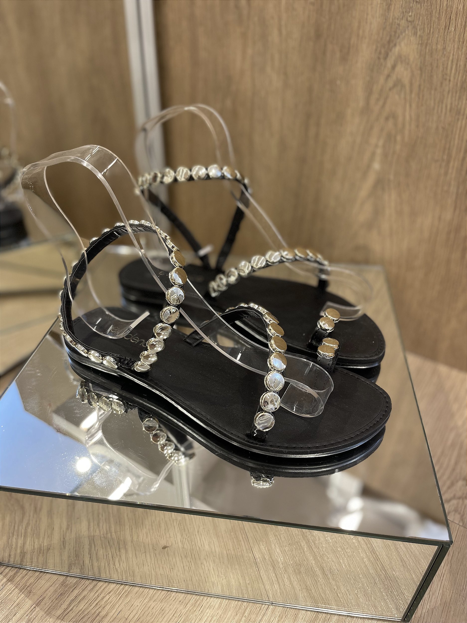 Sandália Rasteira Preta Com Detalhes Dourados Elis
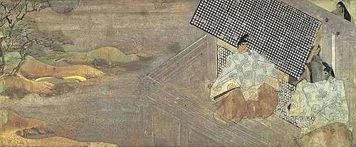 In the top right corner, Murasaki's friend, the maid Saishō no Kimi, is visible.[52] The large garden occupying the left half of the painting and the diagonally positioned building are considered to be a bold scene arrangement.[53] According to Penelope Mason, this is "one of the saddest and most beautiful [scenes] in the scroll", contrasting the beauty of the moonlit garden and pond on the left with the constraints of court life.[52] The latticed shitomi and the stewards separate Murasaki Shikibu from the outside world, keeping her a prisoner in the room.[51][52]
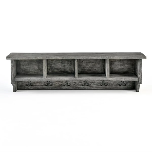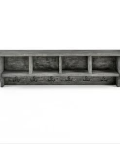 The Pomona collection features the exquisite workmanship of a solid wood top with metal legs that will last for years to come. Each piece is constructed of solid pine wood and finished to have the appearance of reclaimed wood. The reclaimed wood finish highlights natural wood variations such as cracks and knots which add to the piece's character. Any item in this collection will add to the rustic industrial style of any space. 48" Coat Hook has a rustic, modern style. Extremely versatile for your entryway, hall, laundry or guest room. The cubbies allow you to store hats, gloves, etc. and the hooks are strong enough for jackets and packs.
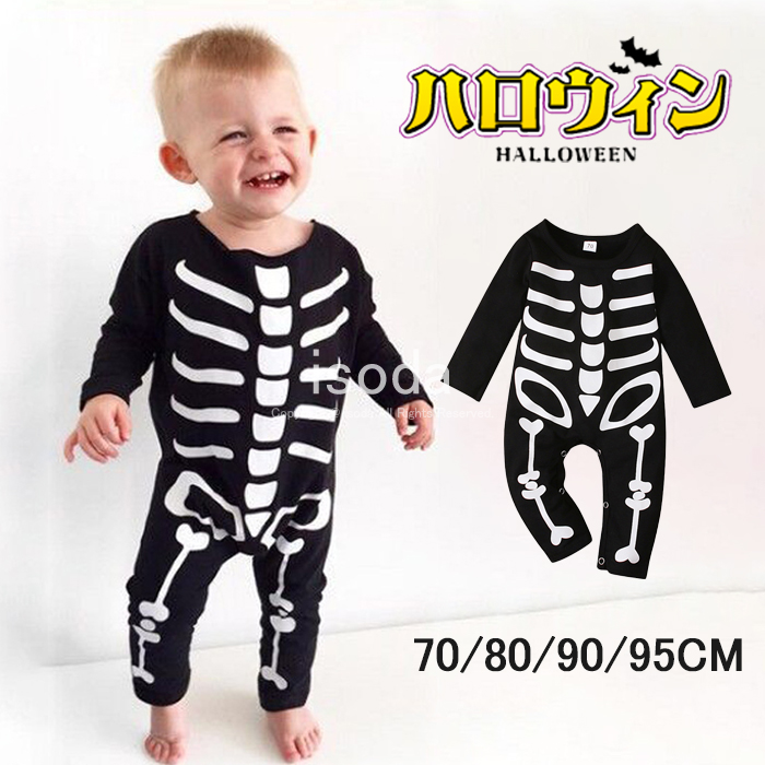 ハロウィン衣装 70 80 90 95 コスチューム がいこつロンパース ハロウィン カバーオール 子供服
※
### Exercise description
The full listing, reproduced exactly and without pictures, is the expected output.

### Finished exercise
 Sandália Rasteira Preta Com Detalhes Dourados Elis
 In the top right corner, Murasaki's friend, the maid Saishō no Kimi, is visible.[52] The large garden occupying the left half of the painting and the diagonally positioned building are considered to be a bold scene arrangement.[53] According to Penelope Mason, this is "one of the saddest and most beautiful [scenes] in the scroll", contrasting the beauty of the moonlit garden and pond on the left with the constraints of court life.[52] The latticed shitomi and the stewards separate Murasaki Shikibu from the outside world, keeping her a prisoner in the room.[51][52]
 The Pomona collection features the exquisite workmanship of a solid wood top with metal legs that will last for years to come. Each piece is constructed of solid pine wood and finished to have the appearance of reclaimed wood. The reclaimed wood finish highlights natural wood variations such as cracks and knots which add to the piece's character. Any item in this collection will add to the rustic industrial style of any space. 48" Coat Hook has a rustic, modern style. Extremely versatile for your entryway, hall, laundry or guest room. The cubbies allow you to store hats, gloves, etc. and the hooks are strong enough for jackets and packs.
 ハロウィン衣装 70 80 90 95 コスチューム がいこつロンパース ハロウィン カバーオール 子供服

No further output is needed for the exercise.